אֶֽת־הַדְּבָרִ֣ים הָאֵ֡לֶּה דִּבֶּר֩ יְהוָ֙ה אֶל־כָּל־קְהַלְכֶ֜ם בָּהָ֗ר מִתּ֤וֹךְ הָאֵשׁ֙ הֶֽעָנָ֣ן וְהָֽעֲרָפֶ֔ל ק֥וֹל גָּד֖וֹל וְלֹ֣א יָסָ֑ף וַֽיִּכְתְּבֵ֗ם עַל־שְׁנֵי֙ לֻחֹ֣ת אֲבָנִ֔ים וַֽיִּתְּנֵ֖ם אֵלָֽי׃

(Deut. 13:1 WTT)

אֵ֣ת כָּל־הַדָּבָ֗ר אֲשֶׁ֤ר אָנֹכִי֙ מְצַוֶּ֣ה אֶתְכֶ֔ם אֹת֥וֹ תִשְׁמְר֖וּ לַעֲשׂ֑וֹת לֹא־תֹסֵ֣ף עָלָ֔יו וְלֹ֥א תִגְרַ֖ע מִמֶּֽנּוּ׃ פ

The verses, Deuteronomy 5:22 and Deuteronomy 13:1, provide important insights into the nature of the "Word" (הַדָּבָר֙) and how it should be understood in relation to the command in Deuteronomy 4:2 not to add or diminish from it.

In Deuteronomy 5:22, it is reported that God spoke directly to the people of Israel on Mount Sinai in a visible and audible manner through fire, cloud, and darkness, without any subsequent additions.

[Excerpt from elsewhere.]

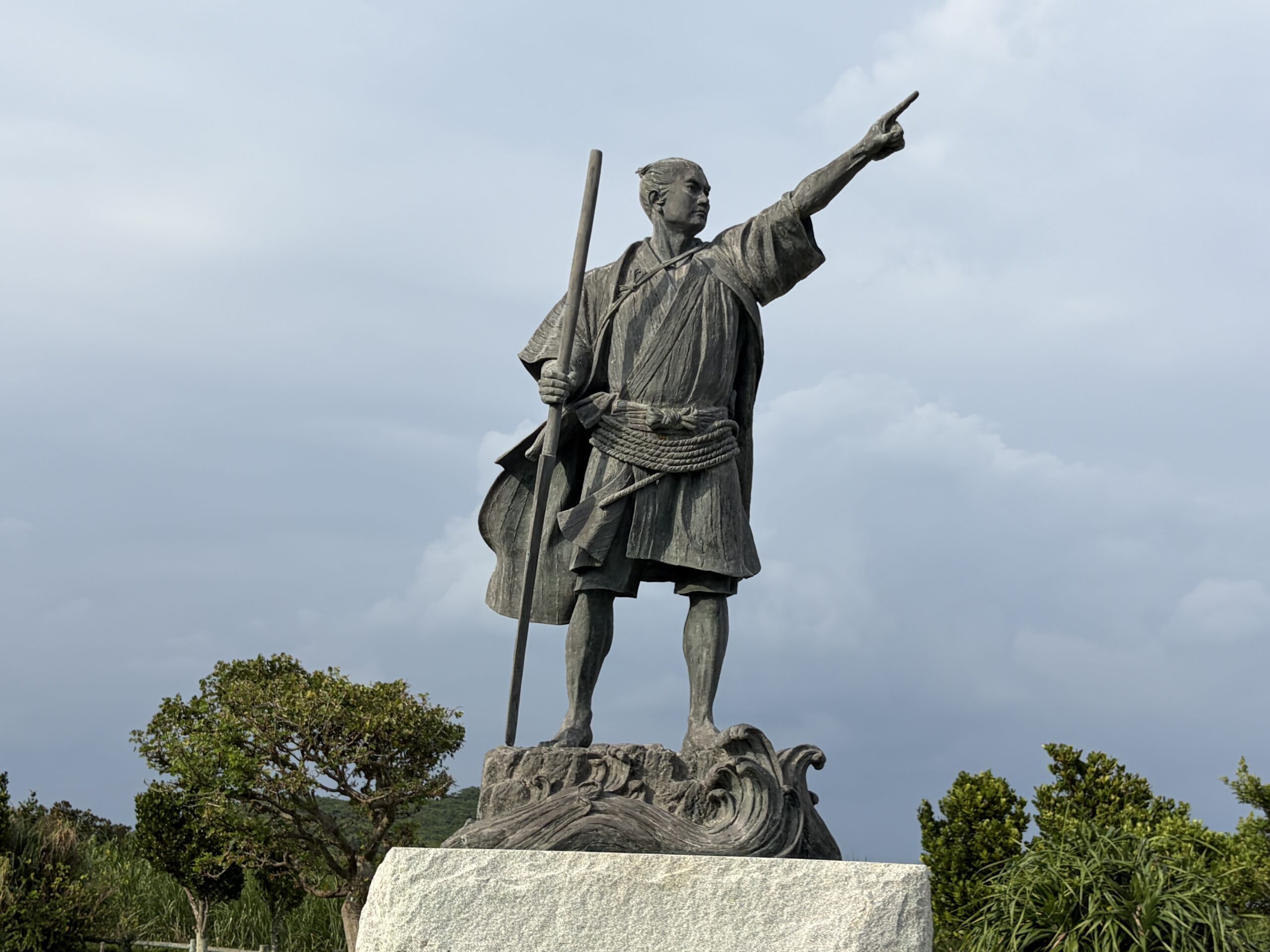 台座の説明にあるように伊是名島を出て本島に向かう金丸の強い意志を表しているようです。

The verse highlights that after this event, God did not add anything further, indicating that direct communication and divine revelation ceased at that specific moment.

Deuteronomy 13:1 complements this instruction by reiterating the command not to add or subtract from the Word that God gave. The emphasis on the prohibition of additions or subtractions underscores the completeness and sufficiency of God's Word as delivered in that specific context.

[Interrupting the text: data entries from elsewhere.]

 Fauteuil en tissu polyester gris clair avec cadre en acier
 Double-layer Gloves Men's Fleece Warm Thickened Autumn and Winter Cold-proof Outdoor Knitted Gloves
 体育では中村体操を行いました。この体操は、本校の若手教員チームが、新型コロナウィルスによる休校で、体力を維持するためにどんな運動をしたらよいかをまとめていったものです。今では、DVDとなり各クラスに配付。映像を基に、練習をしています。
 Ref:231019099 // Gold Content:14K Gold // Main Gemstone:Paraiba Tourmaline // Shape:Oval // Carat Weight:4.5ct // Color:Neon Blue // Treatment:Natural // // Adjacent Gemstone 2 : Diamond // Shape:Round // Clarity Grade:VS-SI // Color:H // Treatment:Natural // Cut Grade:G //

Therefore, based on these verses, we can conclude that the "Word" (הַדָּבָר֙) refers to the specific and direct revelation that God made to the people of Israel on Mount Sinai. The Word ends when God concludes His communication at that moment. Any attempt to add or subtract from it would go against the divine command expressed in Deuteronomy 4:2 and reaffirmed in Deuteronomy 13:1. The Word of God is thus complete and unalterable from the moment of revelation on Mount Sinai.